The aggregation and analysis of interaction data among the healthcare industry, HCPs, and patients are maturing and opportunities exist to review trends in care and in health outcomes via data analysis. Additional data can be derived via biometric devices and patient surveys in order to more effectively and efficiently support patients’s health goals. All of this can be performed while engaging patients as partners in their own care, and enabling service providers with the tools required to interact more efficiently with both patients and suppliers.
In the past, the ability to personalize and or proactively target these interactions has been limited. However, with the increasing use of mobile devices and other Internet-connected biometric devices, suppliers, providers, and patients will be able to collaborate on the patients’ health goals, while reducing reliance on cost-inefficient legacy tools and practices.
As the current marketplace ages and increases their interactions with the larger healthcare community, they are asking themselves a number of questions:
- Why is it so difficult to engage with an HCP?
- Why doesn’t my HCP have the same access to my day-to-day health data as I do?
- Why am I still filling in paper forms?
- Why don’t I have more choice in providers and services?
- Why isn’t this whole interaction and transaction as simple as Uber or Amazon?
This is equally true for HCPs who are continuously challenged with doing more with less resources.

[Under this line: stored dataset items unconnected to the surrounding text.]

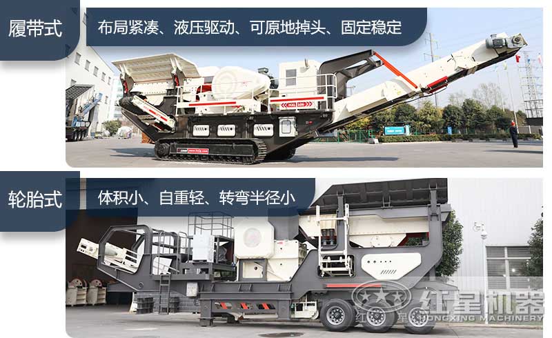 移動式軋石機(jī)可分為履帶式移動破碎機(jī)和輪胎式移動破碎機(jī)兩種形式的驅(qū)動方式。
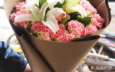6支粉佳人、4支白色洋桔梗、2支多头粉百合,搭配适量白色相思梅、竹柏、书带草装饰。如图制作 |
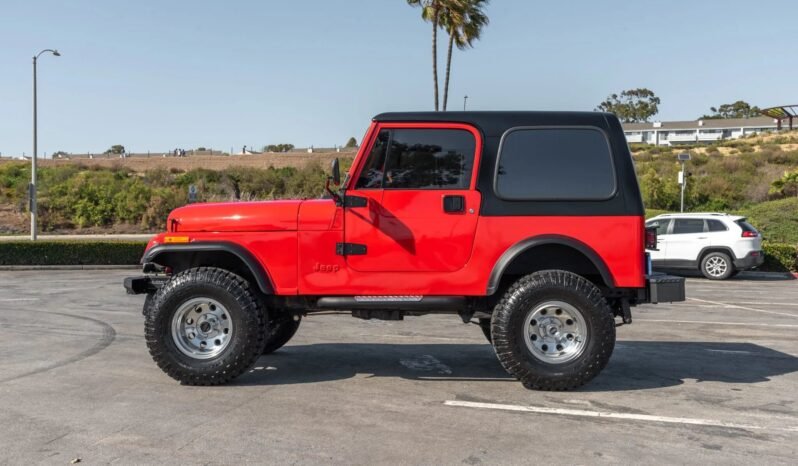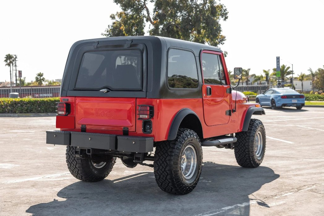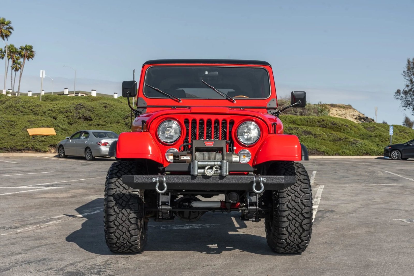 This 1981 Jeep CJ-7 is finished in red over black vinyl upholstery and is powered by a 4.2-liter inline-six mated to a four-speed manual transmission and a dual-range transfer case.
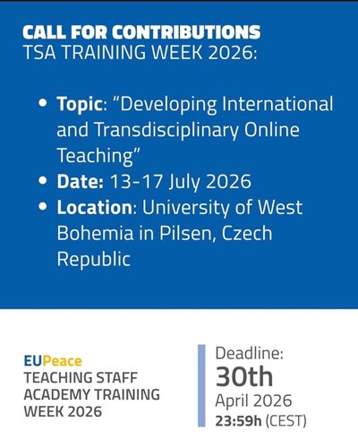 EUPeace Alliance, EUPeace 2026 Konferansı kapsamında düzenlenecek Creative Spaces etkinlikleri için başvuru çağrısını açtı. Etkinlikler, 30 Eylül 2026 tarihinde İtalya’nın Rende kentindeki Calabria Üniversitesi’nde gerçekleştirilecek.

Systems and processes previously thought of as a de facto necessity of patient care, are being re-thought from both the patient’s point of view, and the medical practice’s perspective.

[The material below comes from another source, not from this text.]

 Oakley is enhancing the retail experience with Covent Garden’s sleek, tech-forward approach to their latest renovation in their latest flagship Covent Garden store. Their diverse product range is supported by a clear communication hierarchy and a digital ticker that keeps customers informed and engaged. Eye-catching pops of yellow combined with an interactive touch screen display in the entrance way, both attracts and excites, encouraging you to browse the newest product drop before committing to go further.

Other factors driving the rethinking of the entire patient journey include:
- Personally Collected and Managed Health Data: What has been referred to as the “Quantified Self,” reflects the ability of consumers to collect and manage a form of their own electronic health records (EHR). An expanding array of biometric tools and services help patients collect health trend data previously unavailable to most consumers, and even most HCPs outside of a clinical study, an ER, or an ICU. This includes daily blood sugar readings, heart rate data, and even sleep cycle monitoring all via a mobile device.
- Online Social Healthcare Sites and Marketplaces: Similar to sites that help you compare and shop for, well just about anything, there is an increasing reliance on web-based portals as the first line of inquiry and self-diagnosis for patients. These sites are also used to locate medical providers and facilitate engagement between HCPs and patients. Additionally, this includes reputation management and provider rankings by patients, which has increased transparency in an industry that has occasionally suffered from Doctor-Patient Confidentiality abuses.
- Increased Capital Flowing Into Disruptive Tech: Investors are listening to analysts and seeing that where there is so much money spent on inefficient processes, there exists tremendous opportunity to disrupt the system and monetize the result. So, startups are springing up to fill niches and capitalize on the tech ubiquity.
- Regulatory Changes to Healthcare: There is so much happening in the US and other markets that is being driven by healthcare reform initiatives, we don’t have time to record it here. Suffice it to say that this is a huge factor driving change across the entire landscape.
- HCP Interactions: Decreased access to HCPs, caused in part to increased transparency around HCP interactions, has life sciences companies rethinking the traditional channels and refocusing on the patient as the primary point of contact. In the EU alone, face-to-face interactions with HCPs has dropped over 40 percent.
Moving forward, here are some critical components to keep in mind:
- Understand the marketplace and capitalize on market factors.
- Engage a blended team of internal and external resources to capture and leverage data - optimize real-time data analysis.
- Implement new policies and systems.
- Institute organizational change.
- Deliver value to stakeholders and consumers.